RECORDED DATA: Begin

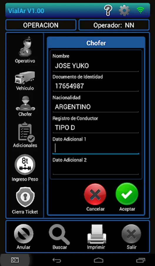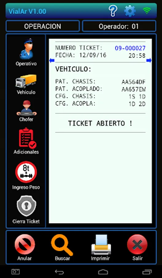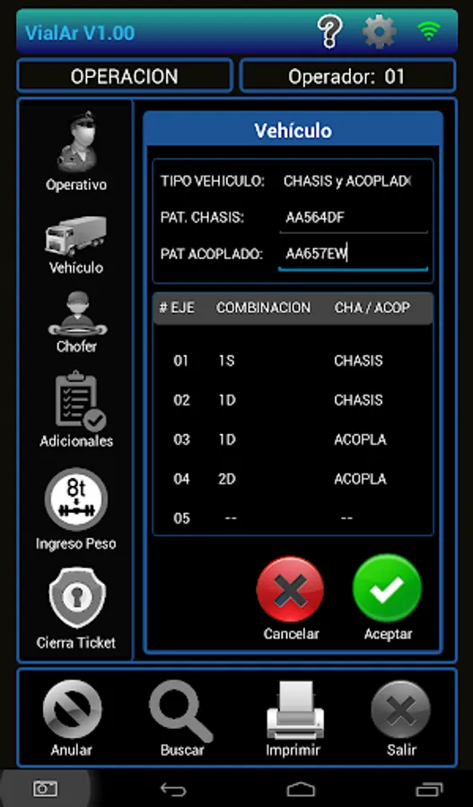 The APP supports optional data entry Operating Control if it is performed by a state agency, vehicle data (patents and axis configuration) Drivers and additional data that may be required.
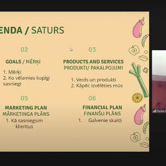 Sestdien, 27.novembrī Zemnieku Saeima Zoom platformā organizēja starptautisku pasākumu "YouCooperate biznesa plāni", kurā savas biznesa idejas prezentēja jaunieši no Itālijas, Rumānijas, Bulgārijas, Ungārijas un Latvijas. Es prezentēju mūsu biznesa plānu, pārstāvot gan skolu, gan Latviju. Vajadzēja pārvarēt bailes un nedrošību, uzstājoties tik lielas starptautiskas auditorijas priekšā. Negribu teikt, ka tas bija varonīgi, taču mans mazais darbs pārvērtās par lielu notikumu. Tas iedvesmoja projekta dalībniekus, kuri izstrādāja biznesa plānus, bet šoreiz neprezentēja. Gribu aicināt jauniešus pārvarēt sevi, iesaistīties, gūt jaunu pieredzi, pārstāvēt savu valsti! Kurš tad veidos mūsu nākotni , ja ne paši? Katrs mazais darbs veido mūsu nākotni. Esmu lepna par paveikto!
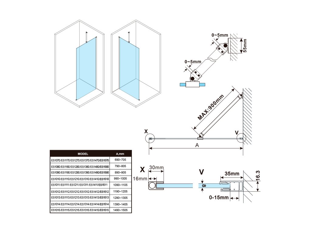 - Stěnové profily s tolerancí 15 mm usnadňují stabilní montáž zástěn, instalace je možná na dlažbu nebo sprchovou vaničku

RECORDED DATA: End

■ **WHAT IS REQUIRED**
Leave the images out. Set down all of the material above exactly.

■ **TASK OUTPUT**
 The APP supports optional data entry Operating Control if it is performed by a state agency, vehicle data (patents and axis configuration) Drivers and additional data that may be required.
 Sestdien, 27.novembrī Zemnieku Saeima Zoom platformā organizēja starptautisku pasākumu "YouCooperate biznesa plāni", kurā savas biznesa idejas prezentēja jaunieši no Itālijas, Rumānijas, Bulgārijas, Ungārijas un Latvijas. Es prezentēju mūsu biznesa plānu, pārstāvot gan skolu, gan Latviju. Vajadzēja pārvarēt bailes un nedrošību, uzstājoties tik lielas starptautiskas auditorijas priekšā. Negribu teikt, ka tas bija varonīgi, taču mans mazais darbs pārvērtās par lielu notikumu. Tas iedvesmoja projekta dalībniekus, kuri izstrādāja biznesa plānus, bet šoreiz neprezentēja. Gribu aicināt jauniešus pārvarēt sevi, iesaistīties, gūt jaunu pieredzi, pārstāvēt savu valsti! Kurš tad veidos mūsu nākotni , ja ne paši? Katrs mazais darbs veido mūsu nākotni. Esmu lepna par paveikto!
 - Stěnové profily s tolerancí 15 mm usnadňují stabilní montáž zástěn, instalace je možná na dlažbu nebo sprchovou vaničku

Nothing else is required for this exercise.